Minimum 3 nodes for proper quorum and data distribution
Dedicated 10GbE+ network for Ceph traffic (25GbE+ recommended for NVMe OSDs), separate from Corosync — Ceph rebalance traffic saturates links and causes Corosync instability
Use SSD/NVMe for OSD WAL/DB
Dedicated disks for OSDs — never share with the host OS
PVE 9.0 defaults to Ceph Squid (v19.2)

Storage Anti-Patterns

Running ZFS or Ceph on top of hardware RAID with write-back cache — defeats data integrity guarantees
Overprovisioning LVM-Thin without monitoring — a full thin pool causes I/O errors for all guests on that pool
Storing backups on the same physical disks as production data
Letting ZFS ARC consume unbounded RAM — causes VM crashes when the hypervisor and VMs compete for memory

Networking

Core Model

Every guest connects to a Linux bridge. Use VLAN-aware bridges (single bridge with 802.1Q tagging) instead of per-VLAN bridges. The VLAN-aware checkbox must be explicitly enabled — it is off by default.

VLAN Best Practices

Place the management interface on a dedicated VLAN — never share with guest traffic
Configure trunk ports on physical switches for the Proxmox host — frames with VLAN IDs not allowed by the switch are silently dropped
Assign VLAN tags per guest in the network configuration
Verify no double-tagging mismatch between Proxmox and switch native VLAN

Traffic Separation

Management / Corosync — 1GbE (dedicated)
Ceph cluster + public — 10GbE (dedicated), 25GbE recommended
Migration — 10GbE (recommended)
Guest — depends on workload

Critical rule: Never combine Corosync traffic with high-bandwidth Ceph or migration traffic on a single 1GbE link. Corosync is latency-sensitive — network contention causes cluster instability and false fencing.

SDN

Use SDN (VXLAN zones) for overlay networking across nodes without physical switch changes. Use EVPN for advanced multi-tenant setups with BGP routing. SDN is fully supported and installed by default since PVE 8.1.

SDN gotchas:

VXLAN adds 50-byte header — set VNet MTU to 1450 (or 1370 with IPSEC)
SDN changes are staged, not live — click Apply at Datacenter level
DHCP requires a gateway configured on the subnet
Multiple EVPN exit nodes require disabling rp_filter in sysctl
OVS vs Linux bridge: OVS is automatically VLAN-aware and may resolve 10GbE throughput bottlenecks seen with native Linux bridge

SDN-Firewall integration (PVE 8.3+): SDN automatically generates IPSets for VNets and IPAM-managed guests — use these in firewall rules for simplified maintenance. The nftables firewall can filter forwarded traffic at host and VNet levels (e.g., restrict SNAT or inter-zone traffic).

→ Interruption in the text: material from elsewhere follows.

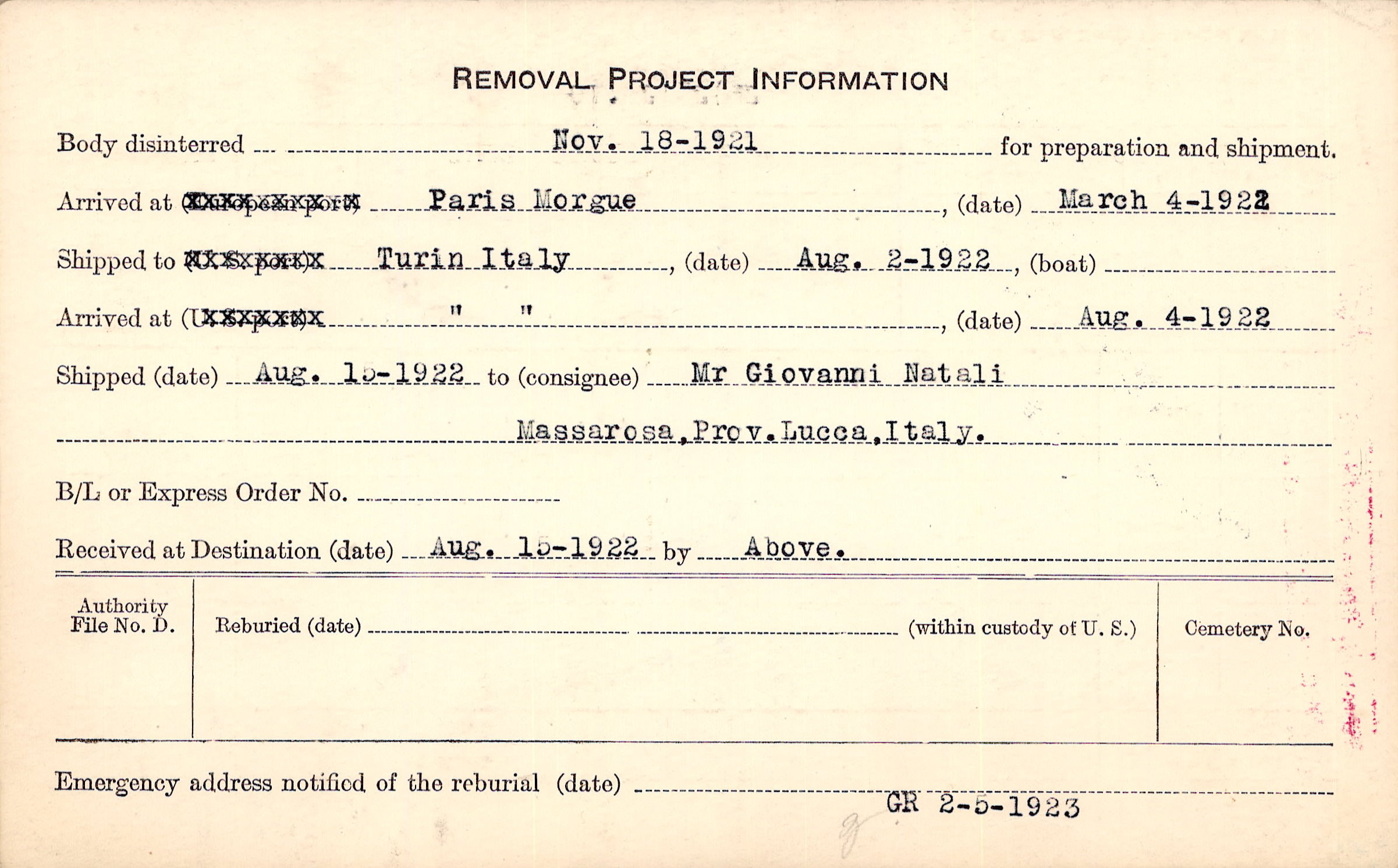 Body disinterred 11/18/1921 for preparation and shipment.

Fabrics (PVE 9.0+): Automated routing between cluster nodes using FRRouting with OpenFabric (IS-IS-based) or OSPF. Fabrics simplify underlay network configuration for Ceph full-mesh and EVPN/VXLAN deployments.

Clustering and High Availability

Cluster Rules

Use a dedicated network for Corosync — latency under 5ms required
Configure redundant Corosync links (up to 8 supported via Kronosnet) on separate physical networks
For 2-node clusters, deploy a QDevice on a third machine for quorum — a 2-node cluster without QDevice is a split-brain generator
QDevice is discouraged for odd-numbered clusters — it becomes a single point of failure due to (N-1) vote allocation
If using LACP bonds for Corosync, set bond-lacp-rate fast on both node and switch — default slow rate has 90s failover, causing fencing after ~60s
Avoid balance-rr, balance-xor, balance-tlb, balance-alb bond modes for Corosync — they cause asymmetric connectivity and mass fencing
Never join a node with existing VMs/containers to a cluster — start fresh
Update nodes one at a time — the LRM requests a service freeze from the CRM during updates; if both are updating, the watchdog fences the node

HA Requirements

Shared or replicated storage accessible from all HA nodes
Working fencing mechanism — test before relying on HA
Minimum 3 quorum votes (3 nodes, or 2 nodes + QDevice)
Configure HA groups with node priorities for controlled failover

Fencing

Fencing guarantees a failed node is offline before its services restart elsewhere. HA without fencing is a data corruption risk — two nodes writing to shared storage simultaneously causes irrecoverable damage.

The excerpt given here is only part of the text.